EXERCISE BRIEF:
Every record must be copied exactly, except that pictures are dropped.

(Dataset items)
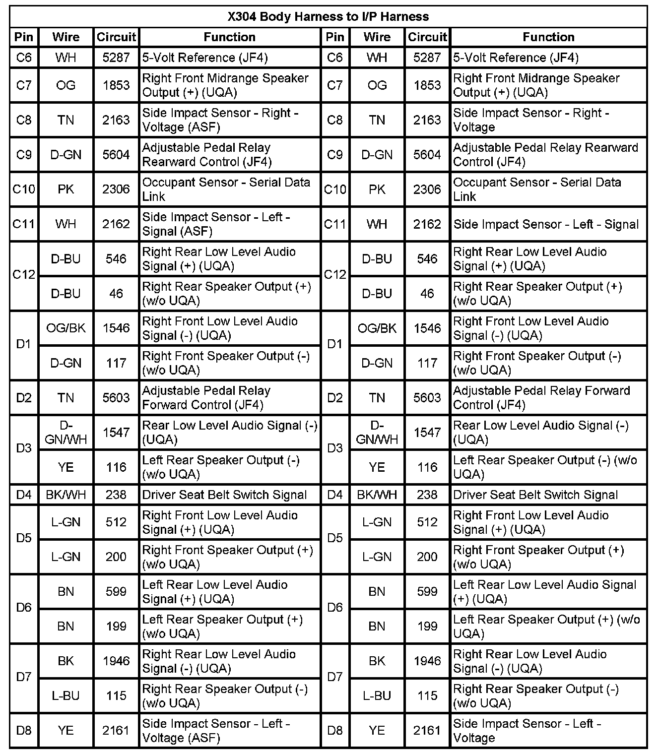 X304 Body Harness To I/P Harness (Pin C6 To D8):
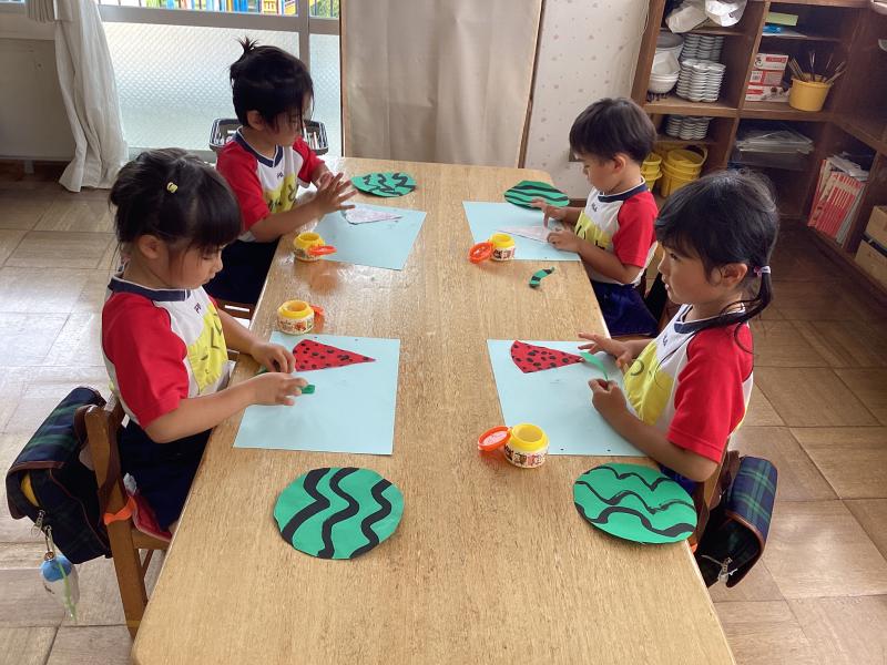 一人一人違った模様の画用紙をスイカの形に切って貼れました!とっても美味しそうです(*^-^*) -
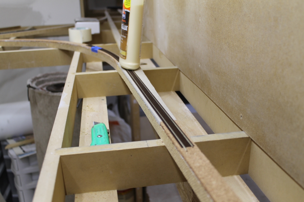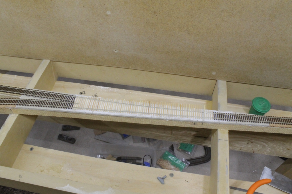 I'm using homasote to spike my turnouts into. This piece has been cut to match the height of the cork roadbed used under the rest of the track. I go into detail about the homasote here: Handlaying turnouts
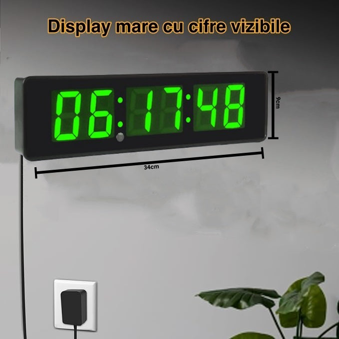 Descoperiți Ceasul Digital de Masă și Perete cu LED Verde, un dispozitiv versatil ce combină eleganța cu utilitatea. Cu un ecran LED clar și funcții precum cronometru, timer și alarmă cu snooze, acest ceas este perfect pentru birouri sau spații comerciale. Dimensiunile sale de 34x9cm îl fac ușor de observat, iar luminozitatea ajustabilă permite o utilizare confortabilă în orice mediu. Ideal pentru a vă ajuta să rămâneți organizat și punctual.
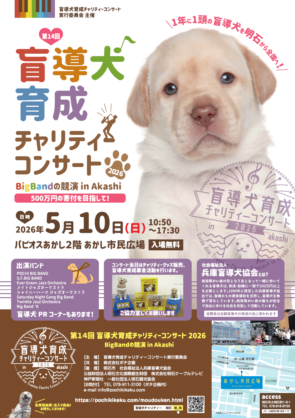 第14回盲導犬育成チャリティコンサート開催のお知らせ 2026.03.30 「第14回盲導犬育成チャリティコンサート」を下記日時で開催します。 当社でも盲動犬育成の趣旨に賛同し、チャリティに協賛しています。 是非、皆様お気軽に盲導犬育成チャリティコンサートにご参加ください!! 詳細なイベント情報は下記ポスターをご確認お願いいたします。 導犬ポスターA3 2026.3.17

OUTPUT BELOW:
 X304 Body Harness To I/P Harness (Pin C6 To D8):
 一人一人違った模様の画用紙をスイカの形に切って貼れました!とっても美味しそうです(*^-^*) -
 I'm using homasote to spike my turnouts into. This piece has been cut to match the height of the cork roadbed used under the rest of the track. I go into detail about the homasote here: Handlaying turnouts
 Descoperiți Ceasul Digital de Masă și Perete cu LED Verde, un dispozitiv versatil ce combină eleganța cu utilitatea. Cu un ecran LED clar și funcții precum cronometru, timer și alarmă cu snooze, acest ceas este perfect pentru birouri sau spații comerciale. Dimensiunile sale de 34x9cm îl fac ușor de observat, iar luminozitatea ajustabilă permite o utilizare confortabilă în orice mediu. Ideal pentru a vă ajuta să rămâneți organizat și punctual.
 第14回盲導犬育成チャリティコンサート開催のお知らせ 2026.03.30 「第14回盲導犬育成チャリティコンサート」を下記日時で開催します。 当社でも盲動犬育成の趣旨に賛同し、チャリティに協賛しています。 是非、皆様お気軽に盲導犬育成チャリティコンサートにご参加ください!! 詳細なイベント情報は下記ポスターをご確認お願いいたします。 導犬ポスターA3 2026.3.17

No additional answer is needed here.